Apparent critical slowing down of relaxation and restoring of parental distribution of the sorted Sca1-low outlier fraction in the treated population. Clonal EML progenitor cells were stimulated (top) with GM-CSF/IL-3 or not (bottom), and cells with lowest 15% Sca1 expression were FACS-sorted one day after stimulation.

Fig 5. Whole-population transcriptome analysis reveals transient alternative program (rebellious cells).

(A) Sca1 surface expression population distribution in progenitor and cytokine-treated cells and transcriptomes of sorted subpopulations at indicated treatments/time points, displayed as GEDI self-organizing maps [44]. Progenitor EML cells were stimulated with EPO alone, with GM-CSF/IL-3 alone or with the combination of the two, and the Sca1-Medium (M) fractions (d0 and d6) and/or the Sca1-Low and -High subpopulations (d3) were FACS sorted for microarray analysis. (B) Hierarchical cluster analysis of the microarray-based transcriptomes of samples in A (columns, correspondence indicated by the green numbers) for a subset of the 17 genes analyzed in single-cell qPCR (rows). The entire experiment was performed twice in two laboratories with similar results. Color bar represents transcript expression values in log-scale (see Materials and Methods).

Fig 6. Epigenetic landscape model of symmetry-breaking bifurcation event.

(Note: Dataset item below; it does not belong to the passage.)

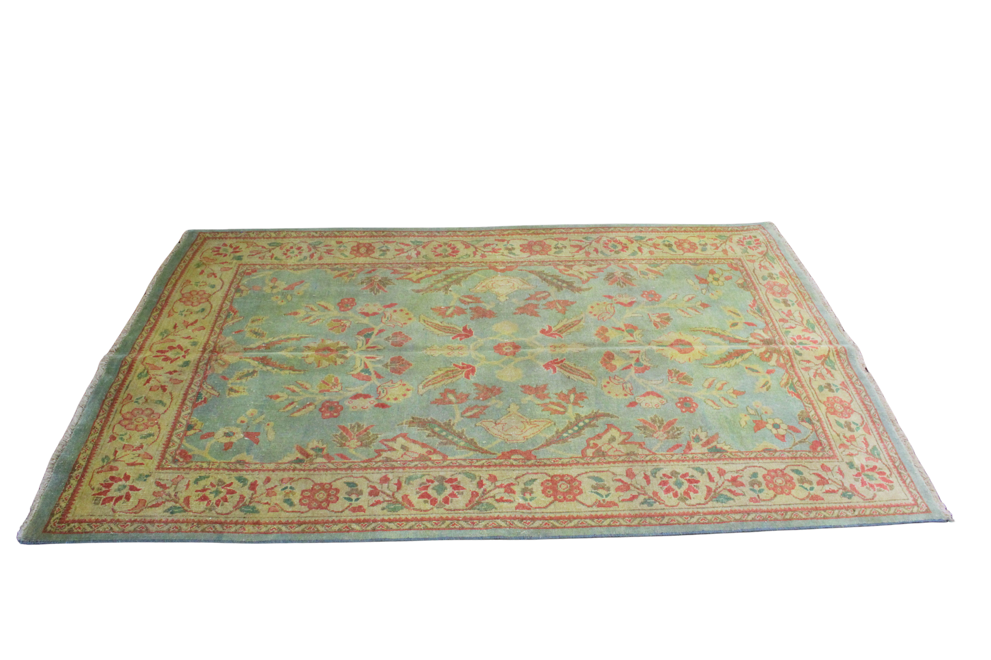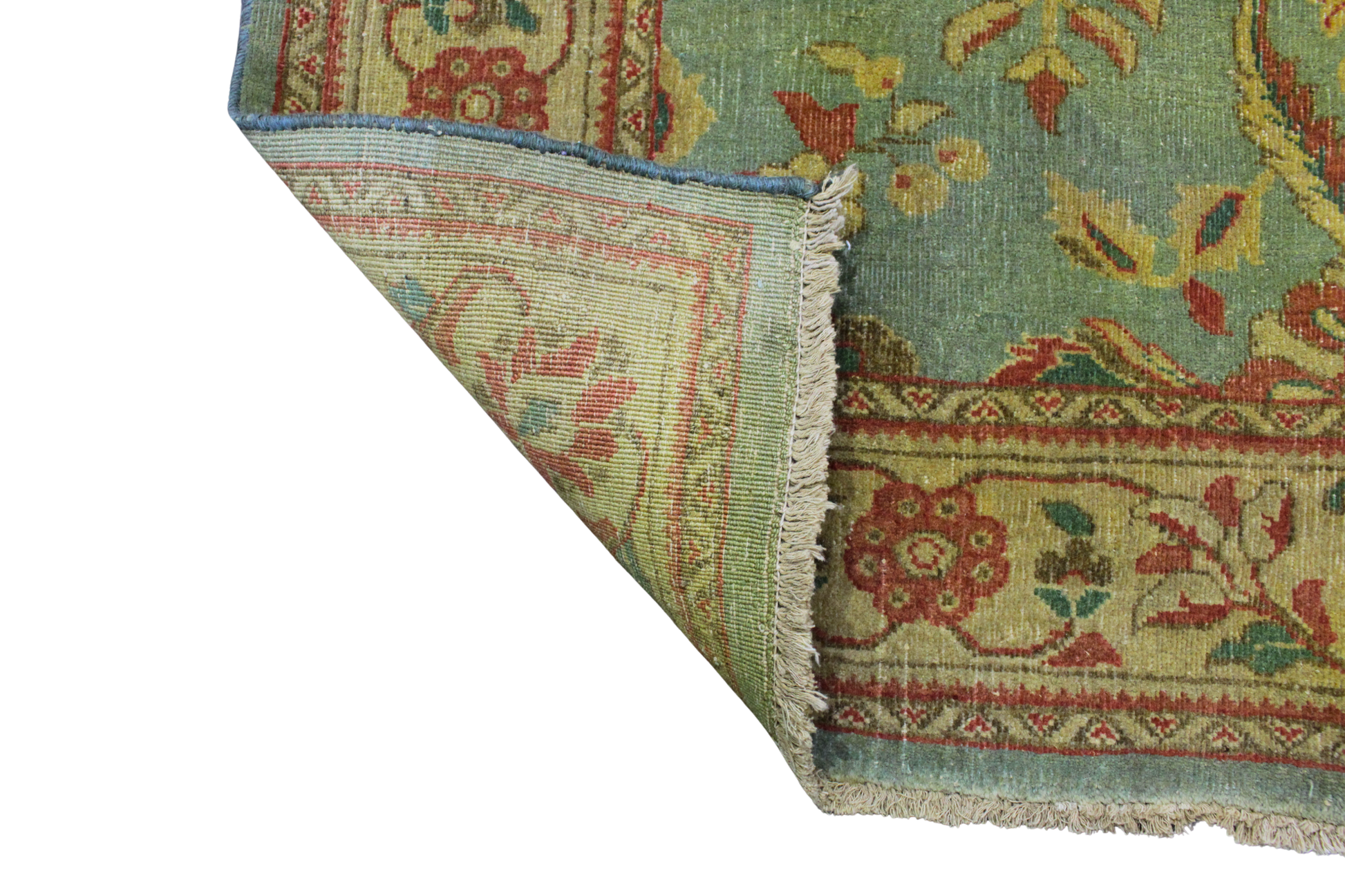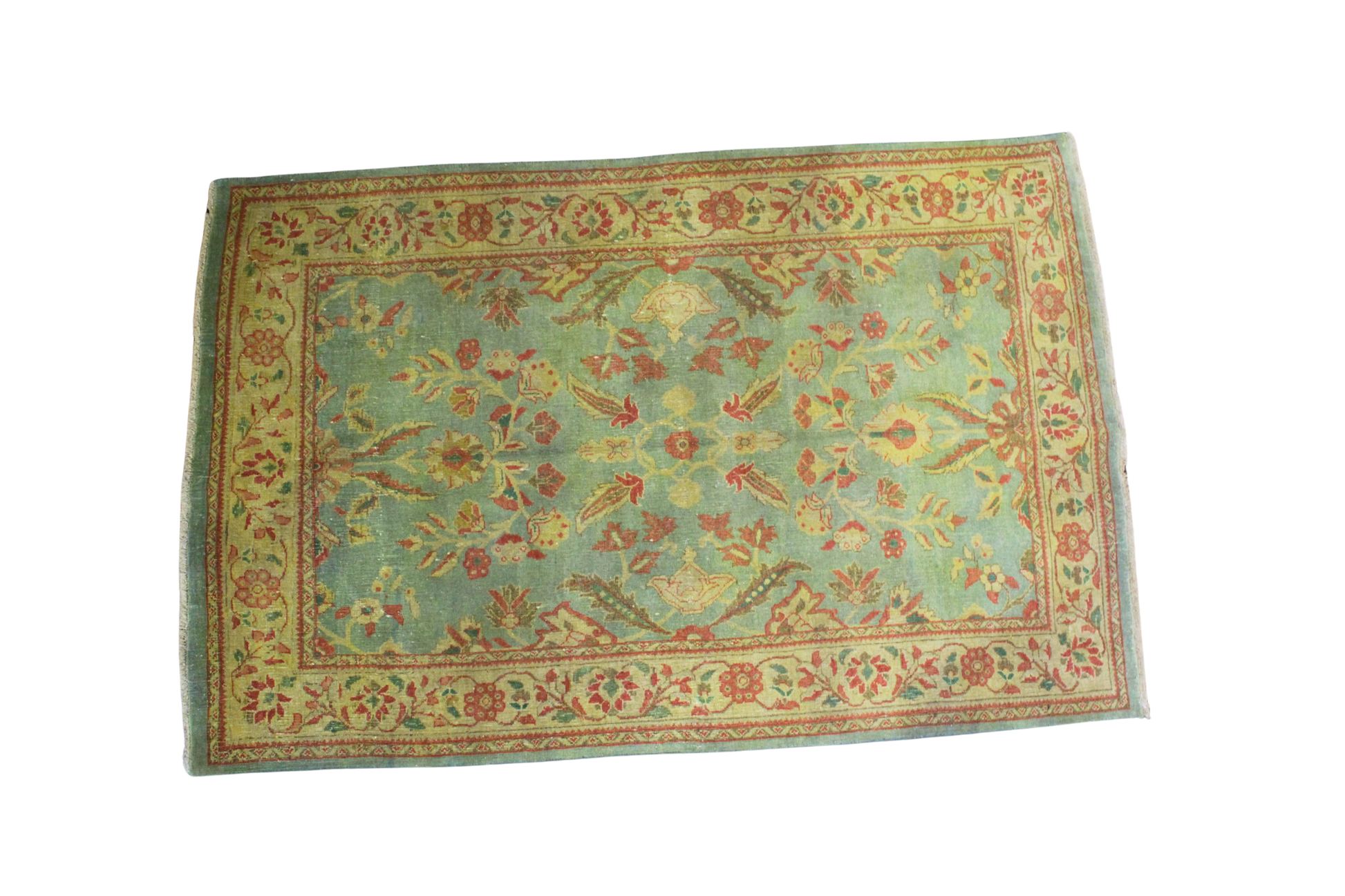 A lush tapestry of floral exuberance, this antique Mahal rug from Persia (4.2 × 6.4 ft) radiates warmth and personality. Its saturated jade green field bursts with stylized blossoms, palmettes, and leafy vinery, all arranged in a symmetrical, garden-inspired layout. The contrast between the green ground and the saffron, coral, and amber motifs gives the rug a dynamic, painterly feel.
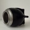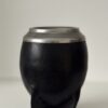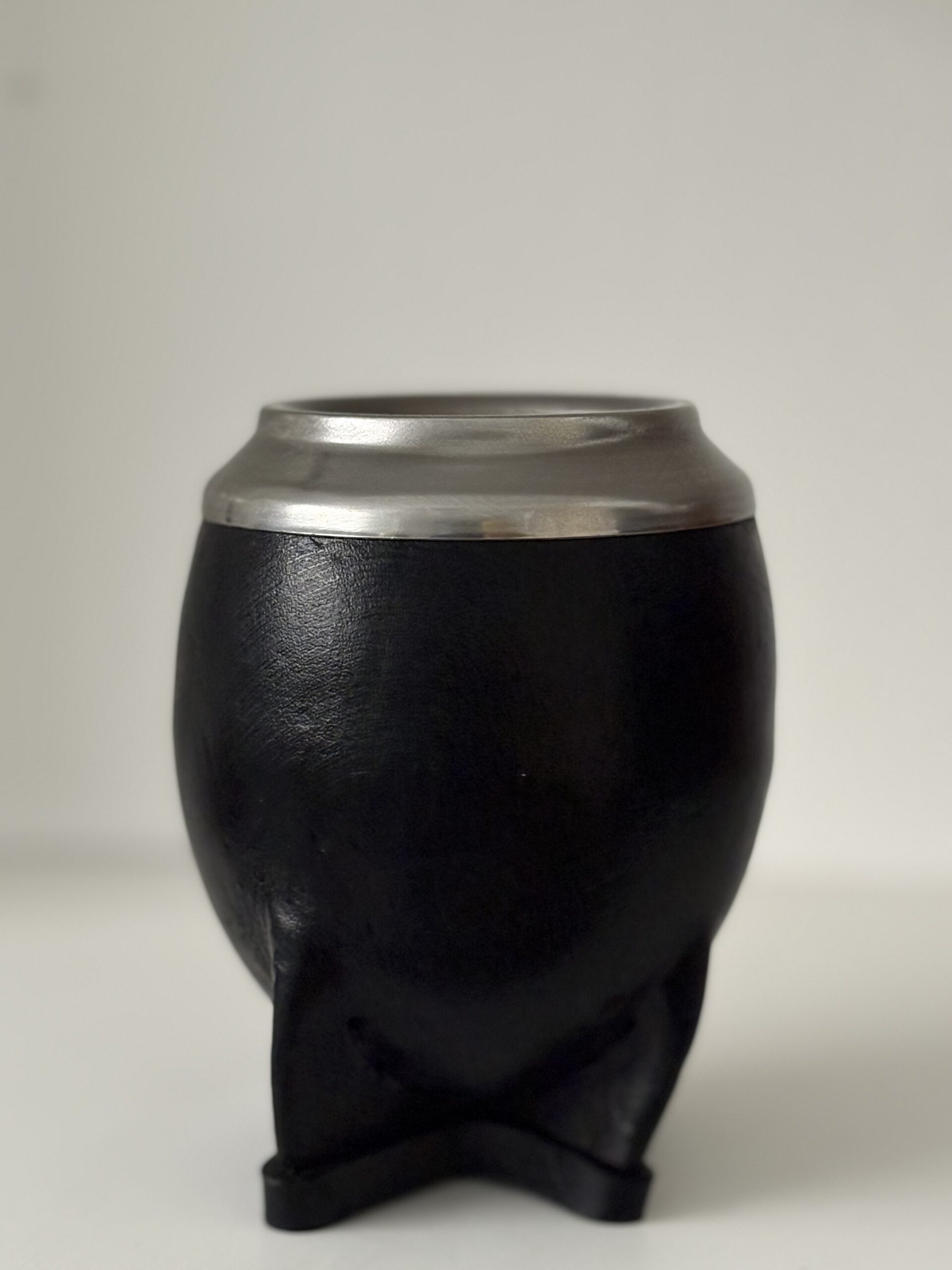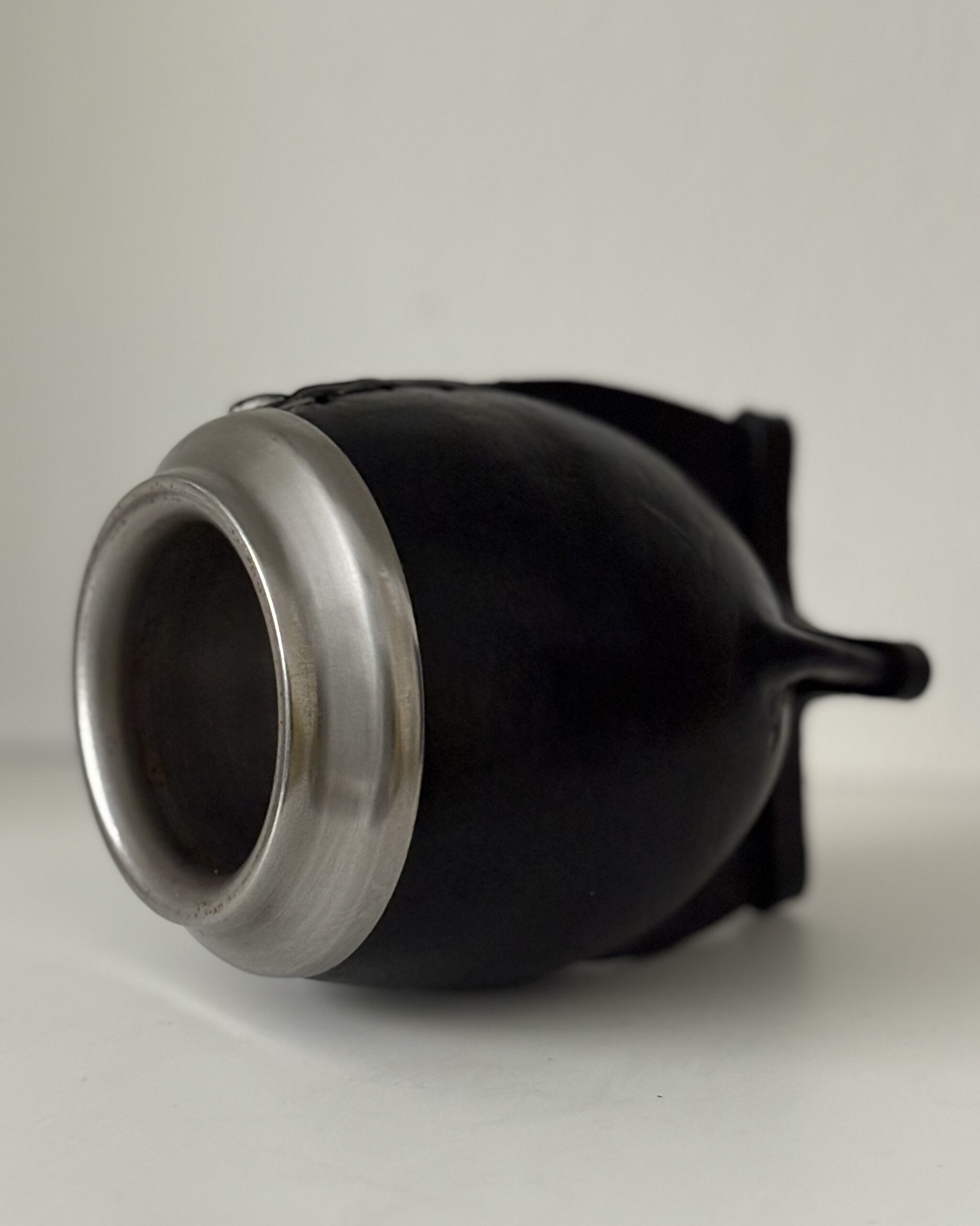 Mate torpedo forrado en cuero color negro, con un interior y virola de acero inoxidable.

The architecture and the specification of the individual interactions of the gene regulatory network (left) determines the topography of the epigenetic landscape (center) in which the elevation (formally, a quasi-potential U) [29] visualizes the relative stability of individual cell states, represented by the position with respect to the x-axis (state space). Thus, valleys represent stable attractor states. Fate commitment is induced by external differentiation signals, which initiate the deformation of the landscape and can be divided into two phases: first, the destabilization of the (meta)stable attractor of the progenitor cells (grey balls) and generation of a poised unstable state; and second, the opening of access to the destination attractors for both the intended and non-intended fate, biased toward the former by the differentiation signal. This allows the cells (balls) to descend to the new attractors. The disappearance of the progenitor attractor marks the critical transition (tipping point). As explained in S2 Appendix, the increase in cell–cell variation and in gene–gene correlation as the progenitor attractor destabilizes and cells spread and align along the particular direction (reaction coordinate) to exit the old attractor gives rise to a gradual increase of the index I_C (right) as cells approach the critical transition. This event coincides with lineage separation in state space and a major shift in cellular transcriptome. (Note, however, that there is no proof that I_C reaches a peak just at the tipping point.)